I don't understand why can't |x-y| and |x+y| be 1 and 3 instead of 2 and 2! (which again equals 4)

Can any one please explain this to me?

Thanks & Regards,
Vinu

Look at the solution given by Bunuel above. When you solve it, you get four equations.
One of them is x = 2 which means that x = 2 and y can take any value. If y = 1, |x-y| = 1 and |x+y| = 3.
For different values of y, |x-y| and |x+y| will get different values.

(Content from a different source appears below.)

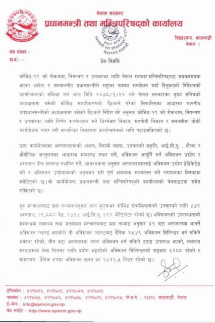 काठमाडौं। सरकारले कोरोना संक्रमितको उपचारका लागि देशभर २० हजार बेड रहेको जानकारी दिएको छ। प्रधानमन्त्री तथा मन्त्रिपरिषदको कार्यालयले बिहीबार एक विज्ञप्ति जारी गर्दै देशभरको स्वास्थ्य व्यवस्थापनको अवस्थाबारे जानकारी दिएको हो।

We are not discounting any of them.

Yes, it can be done by graphing. |x+y| + |x-y| = 4 can expand in four different wasy:

A. x+y+x-y = 4 --> x=2
B. x+y-x+y = 4 --> y=2
C. -x-y +x-y= 4 --> y=-2
D. -x-y-x+y=4 --> x=-2

So you can draw all these four lines x=2, x=-2, y=2, y=-2 to get a square with the side of 4:
Attachment:
Square.gif
Square.gif [ 1.86 KiB | Viewed 50844 times ]
See more examples here:
m06-5-absolute-value-108191.html
graphs-modulus-help-86549.html
m06-q5-72817.html
if-equation-encloses-a-certain-region-110053.html

Hope it helps.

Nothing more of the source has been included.